On a attendu dix-huit ans pour ce moment. Dix-huit ans de galères, de faux espoirs, de "l'année prochaine ce sera la bonne". Dix-huit ans à regarder Lyon empiler les titres (sept d'affilée, la plaie), Bordeaux rafler le championnat, le PSG monter en puissance. Dix-huit ans à se demander si l'OM reverrait un jour le sommet du football français.
Et le voilà, le sommet. Le Vélodrome explose, les fumigènes crèvent le ciel, "aux armes" résonne comme jamais. Deschamps, sur la pelouse, a ce sourire discret de ceux qui savaient que ça arriverait parce qu'ils avaient tout fait pour. Mandanda, éternel sourire, brandit le trophée devant le virage sud. Niang, meilleur buteur du club cette saison-là, savoure avec la sérénité du travail accompli. Lucho González, qui a connu Porto, les soirées de C1, les titres au Portugal, dit que l'ambiance du Vélodrome ce soir-là dépasse tout ce qu'il a vécu.
Ce que ce titre représente
Le championnat 2010, c'est bien plus qu'une ligne au palmarès. C'est la preuve que l'OM pouvait encore gagner. Après la descente en D2, après l'ère Diouf, après les années de transition et de médiocrité, après les promesses non tenues et les mercatos ratés, ce titre a restauré quelque chose de profond. L'idée que Marseille, quoi qu'il arrive, finit toujours par revenir.
Deschamps y a laissé sa marque d'une manière particulière. En 1993, il soulevait la C1 en tant que capitaine. En 2010, il ramène le titre de champion en tant qu'entraîneur. Peu d'hommes dans l'histoire du club ont eu cette double empreinte. Il a pris un groupe de joueurs talentueux mais pas encore champions et il en a fait une équipe. Pas une somme d'individualités brillantes, une vraie équipe, avec une colonne vertébrale, une identité, une discipline.
Le doublé Ligue 1 - Coupe de la Ligue, c'est aussi le dernier grand moment de gloire domestique de l'OM avant que le Qatar ne débarque au PSG et ne change les règles du jeu. En 2010, on pouvait encore gagner le championnat avec un bon groupe, un bon entraîneur et un stade en feu. La suite de l'histoire prouverait que cette fenêtre était en train de se refermer.
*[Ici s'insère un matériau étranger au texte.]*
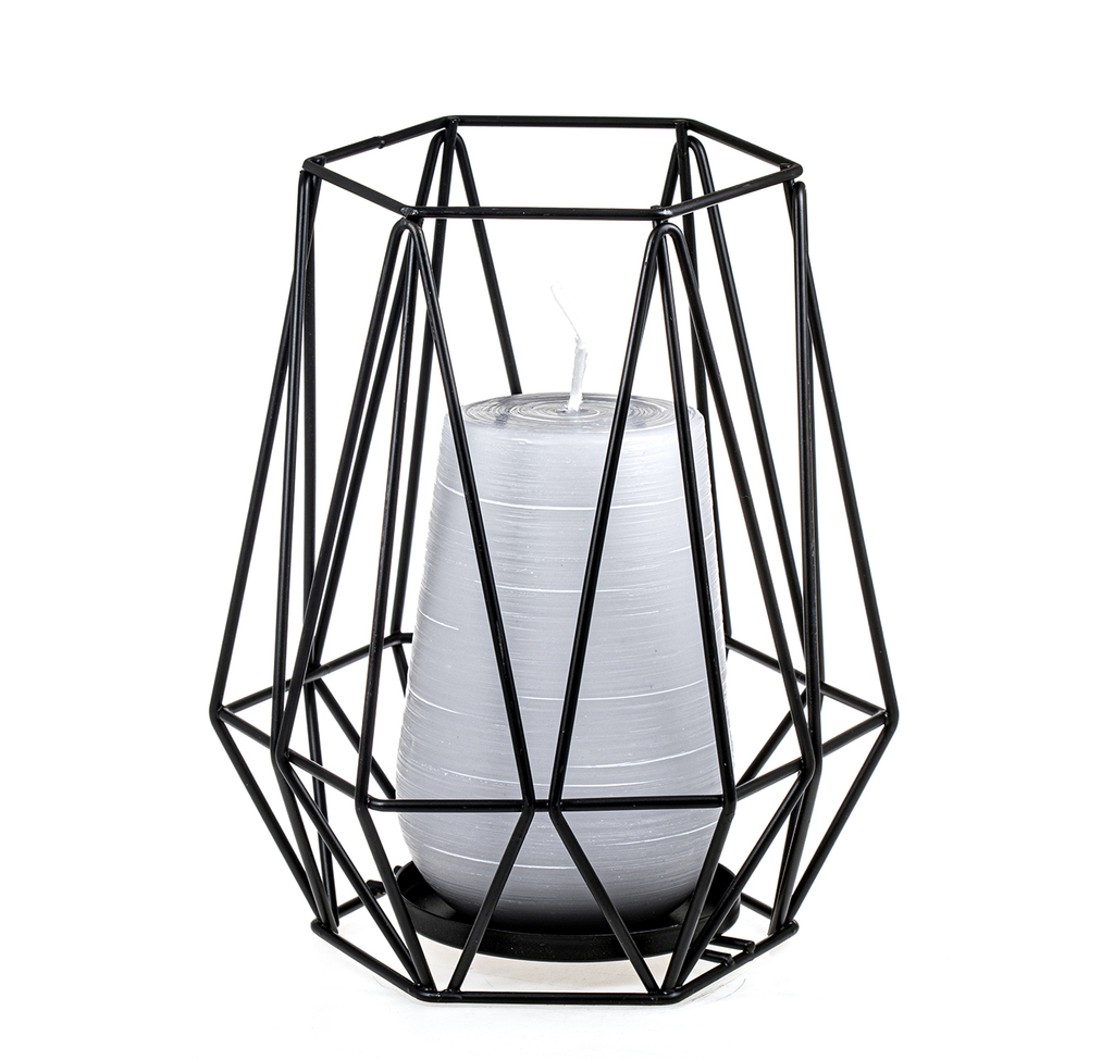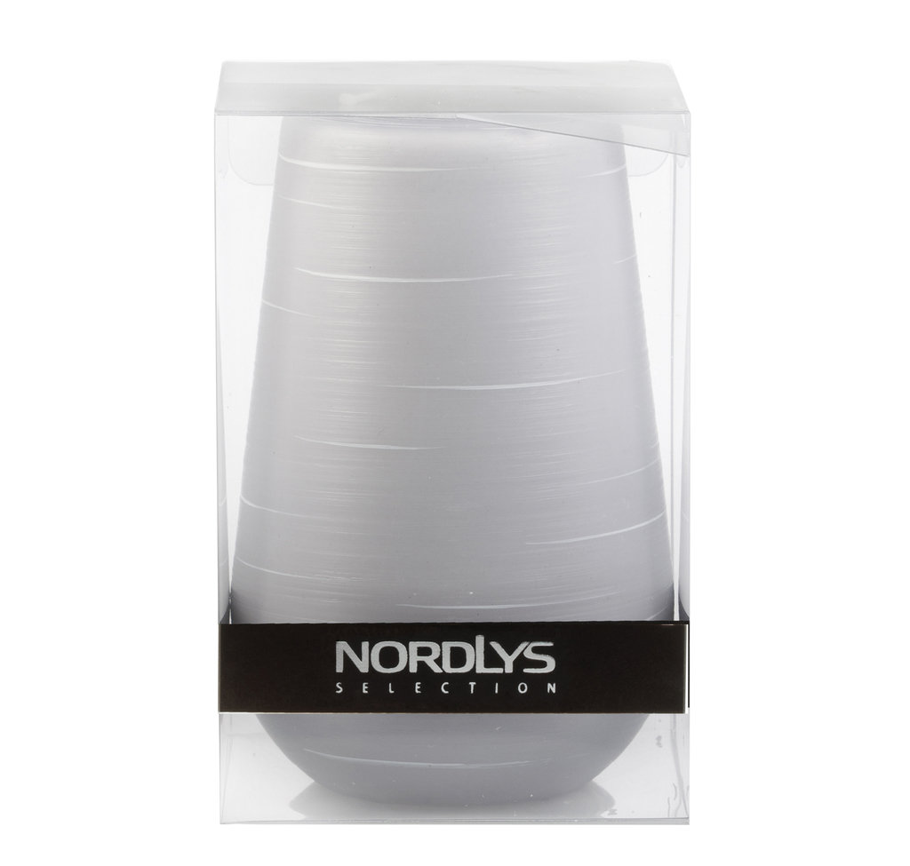 Elegantní šedá svíčka ve skandinávském stylu se strukturovaným povrchem, ručně dozdobená bílými linkami.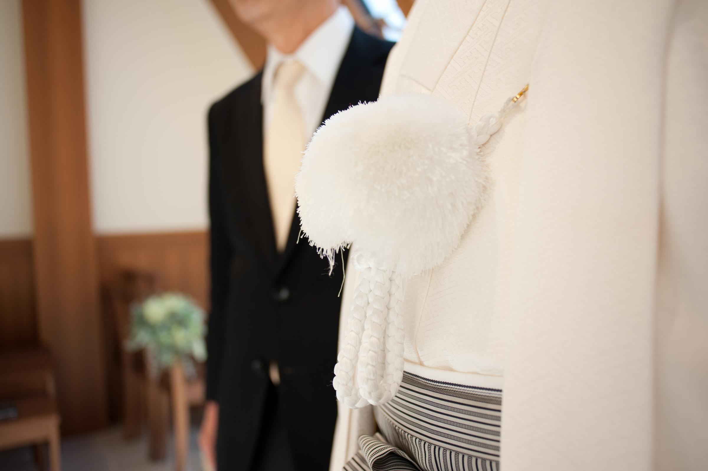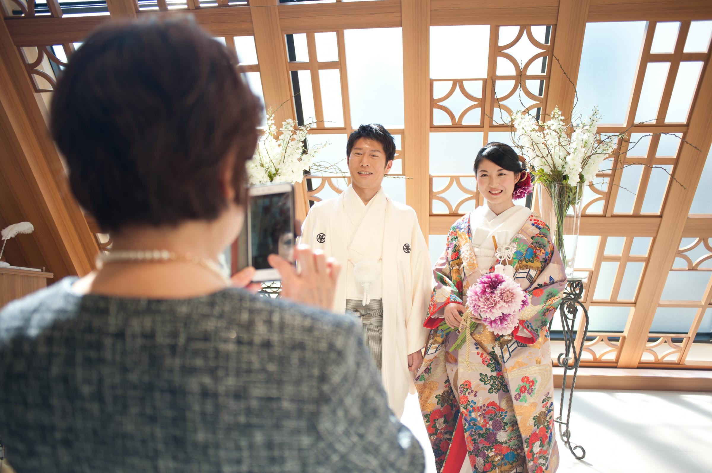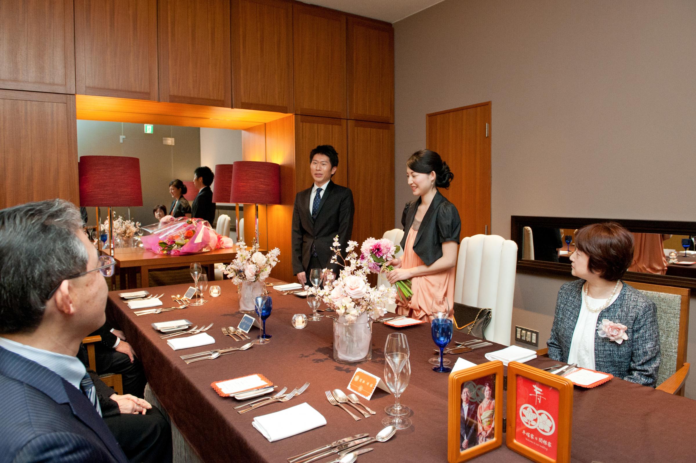 私たちはフォトウエディングを和装で行い、食事会を肩ひじ張らないパーティドレスに着替えて行いました。フォトウェディングでは新郎の着物に自家の家紋を入れ、代々伝わる家族の繋がりを感じられる様にしました。食事会は家族初の顔合わせという事もあり、アットホームな雰囲気を出したかったので、会話が増えるようなアルバムをつくり、席次表・メニュー表なども自前で用意して、楽しんで食事出来るよう工夫しました。また、私たちのテーマが『結』であったので、家族と家族が繋がる特別な時間にしたく、席次表やウエルカムボードを両家の家紋をあしらいデザインしました。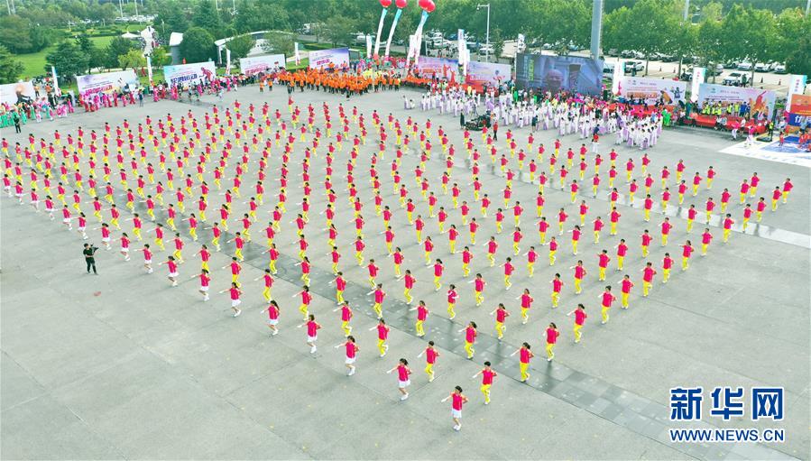 8月8日,市民在河南省分会场表演健身操(无人机拍摄)。 当日,2019年全国“全民健身日”活动河南省分会场暨郑州市全民健身日群体展演活动在河南省郑州市郑东新区如意湖广场举行。本次活动以“健康中国·你我同行”为主题,展示了广播体操、健身秧歌、瑜伽等全民健身项目。 新华社记者李嘉南摄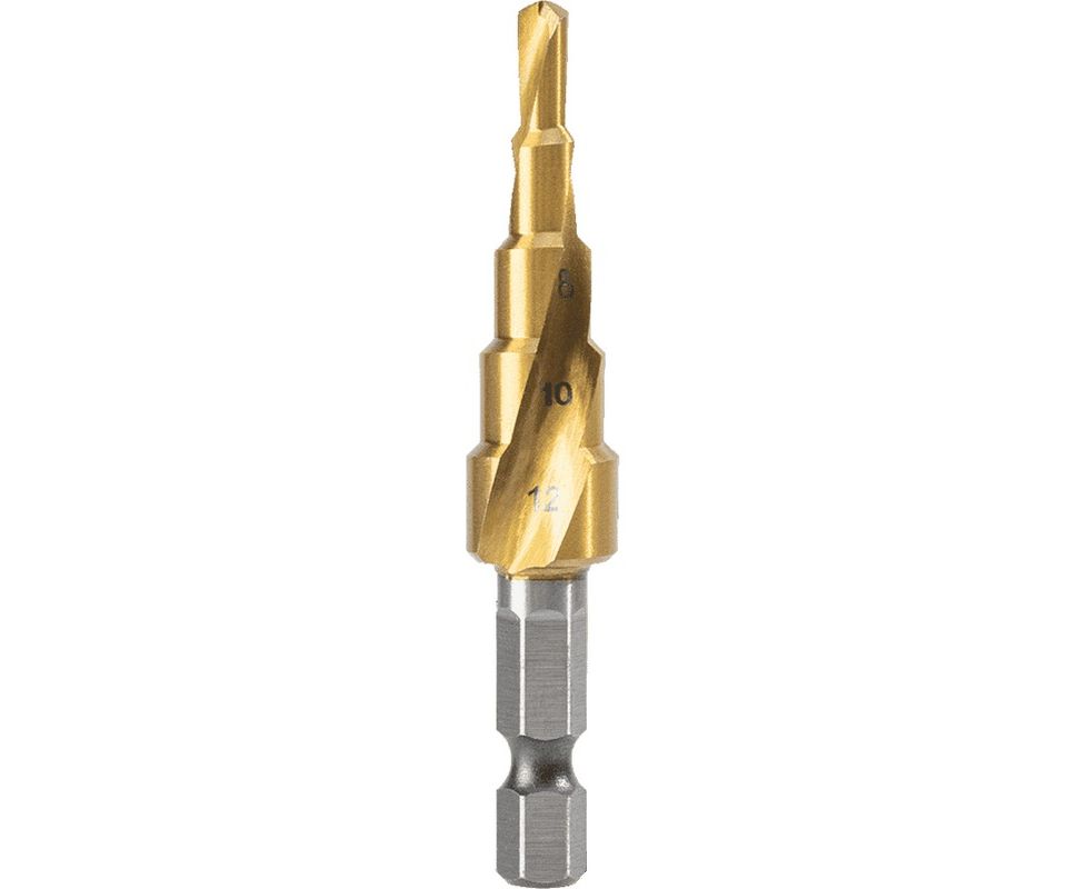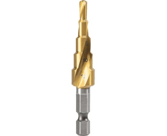 Сверло ступенчатое по металлу Deli DH-JTZ012-E2 4-12мм, HSS M2, спиральная канавка, шестигранный хвостовик

Mais ça, en mai 2010, personne n'y pensait. On fêtait. On chantait. On pleurait, peut-être un peu. Dix-huit ans, c'est long. Assez long pour qu'une génération entière de supporters n'ait jamais connu ça. Des gamins de 18 ans qui n'avaient jamais vu l'OM champion. Ce soir-là, ils ont compris ce que leurs parents leur racontaient depuis toujours. Que quand l'OM gagne, c'est pas juste un club qui gagne. C'est toute une ville qui décolle.